_Exercise directions_
Find the line containing "圖為張怡醫生正在進行試管嬰兒胚胎培養 (央廣網記者 黃炎秋 攝)" in the entries; transcribe it and all remaining lines through the end, exactly as they appear, but not the pictures.
━━━
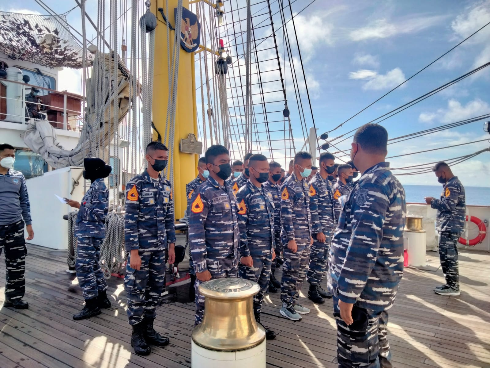 Pasca 5 hari Lego jangkar di perairan Waisa, Raja Ampat, Papua Barat, 89 Taruna Akademi TNI Angkatan Laut (AAL) Tingkat lll Angkatan ke-68 yang tergabung dalam Satuan Latihan Kartika Jala Krida (Satlat KJK) 2021 bersama KRI Bima Suci melanjutkan pelayaran keliling Indonesia Etape ke-5 menuju Morotai, Maluku Utara, Minggu (5/9).
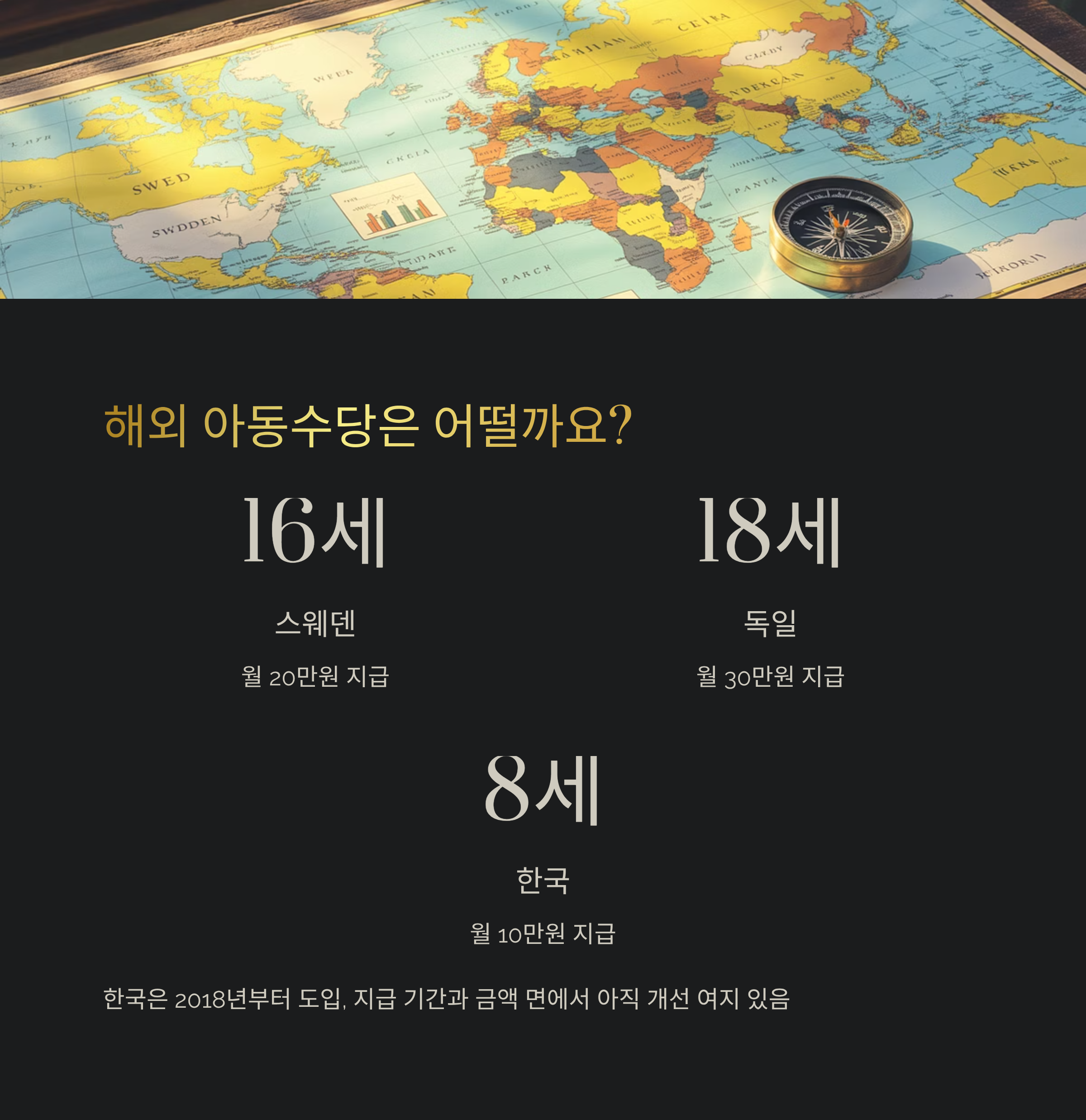 우리나라는 아동수당이 2018년부터 도입되었고, 빠르게 확대되고는 있으나
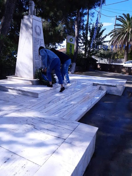 Ακολούθησε κατάθεση στεφάνου στο Ηρώον του Μούδρου από τις μαθήτριες της Γ' τάξης, Νεκταρία Γιαννέλη και Χριστίνα Σουλντίσα. Κατά τη διάρκεια των εκδηλώσεων τηρήθηκαν όλα τα υγειονομικά πρωτόκολλα.
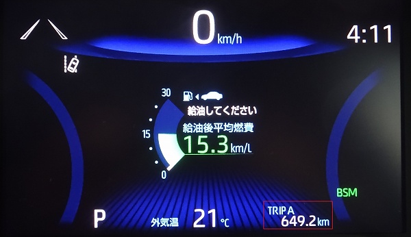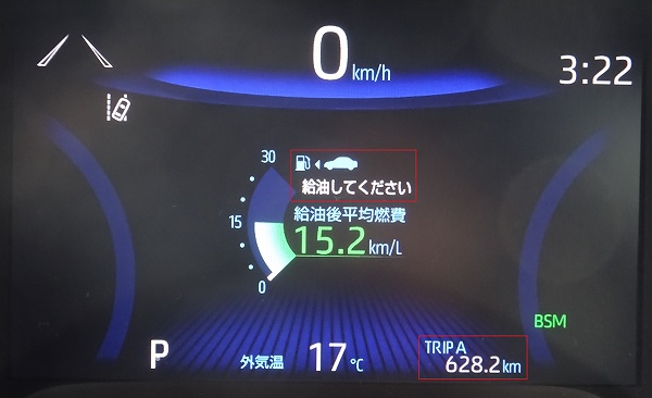給油警告灯が点灯した際のTrip Aメーターが590.8kmで、航続可能距離が0kmになったあとには628.2kmだったため、37.4km走らせたことになります。
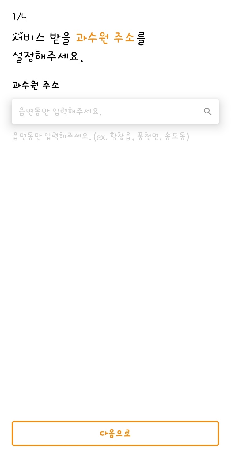 설치한 어플 로그인 -> 시작하기 -> 과수원주소 입력 -> 다음으로
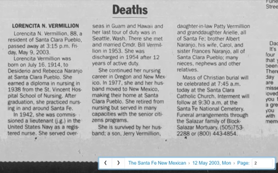 1. “Lorencita N. Vermillion.” The Santa Fe New Mexican. May 12, 2003, 2. Newspapers.com.
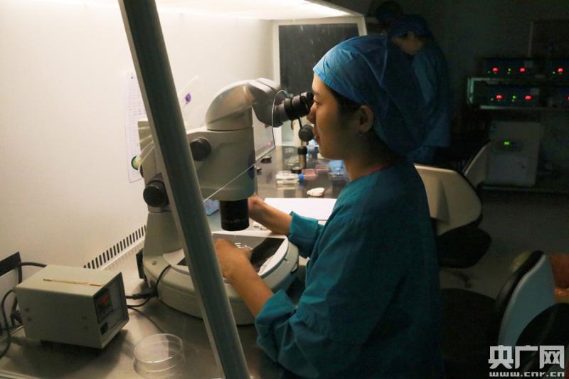 圖為張怡醫生正在進行試管嬰兒胚胎培養 (央廣網記者 黃炎秋 攝)
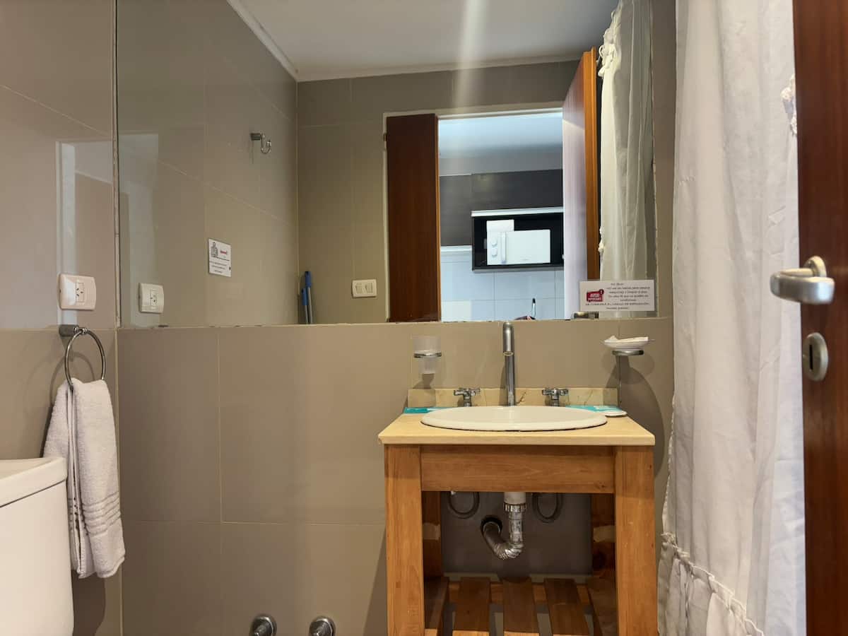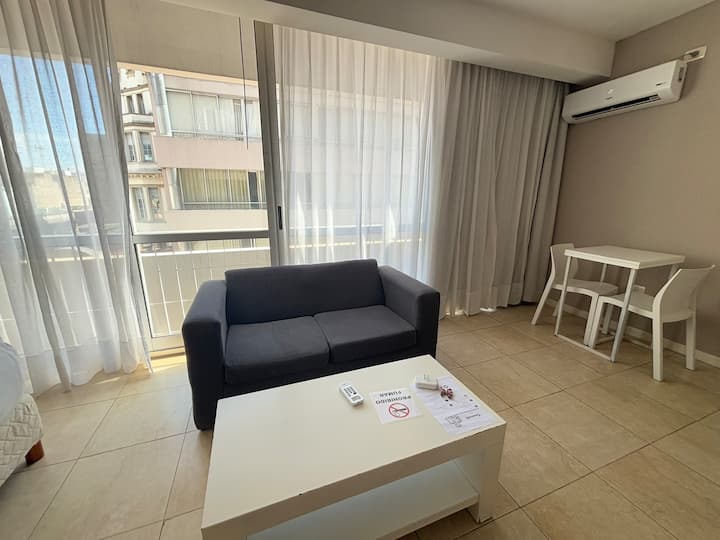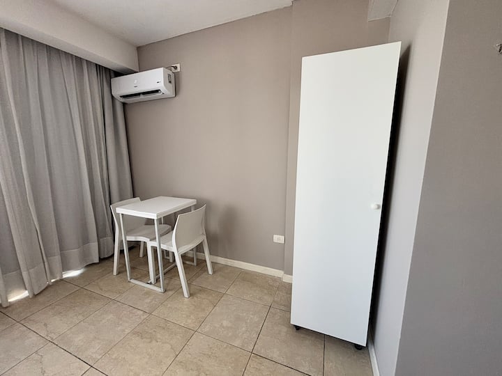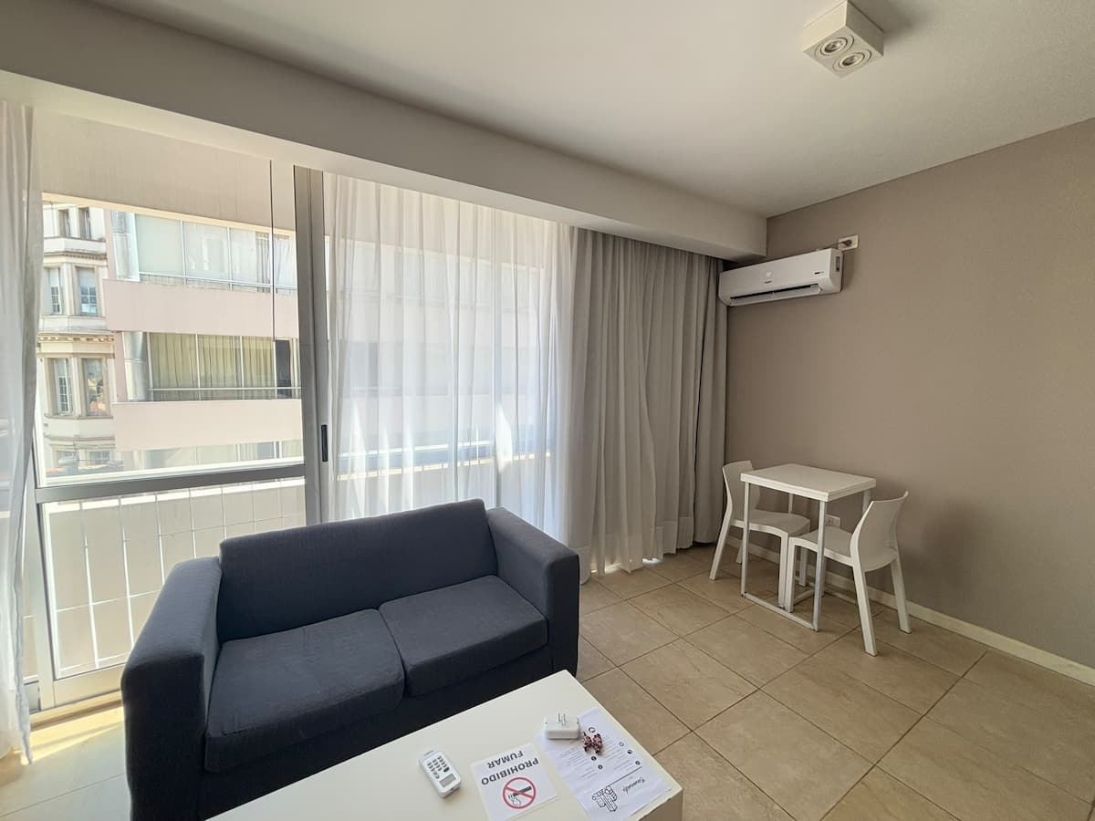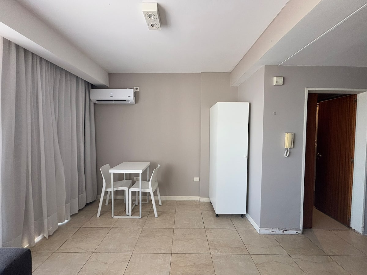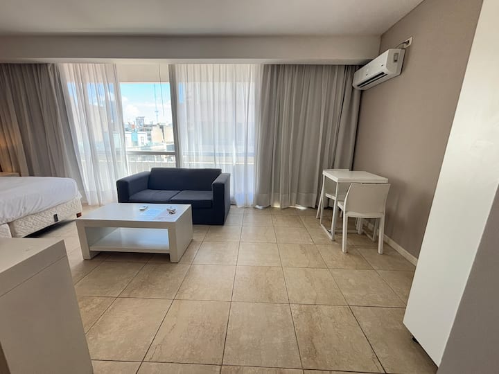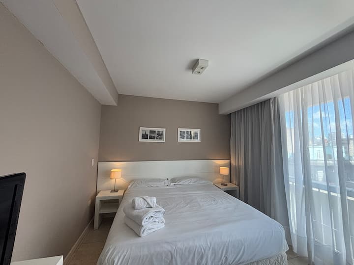 Studio apartment with a queen-size bed for two people. Full bathroom and kitchenette with minibar and electric anafe. Cold/heat air conditioning, 32-inch LED TV, and WiFi.
━━━
_Response to the exercise_
 圖為張怡醫生正在進行試管嬰兒胚胎培養 (央廣網記者 黃炎秋 攝)
 Studio apartment with a queen-size bed for two people. Full bathroom and kitchenette with minibar and electric anafe. Cold/heat air conditioning, 32-inch LED TV, and WiFi.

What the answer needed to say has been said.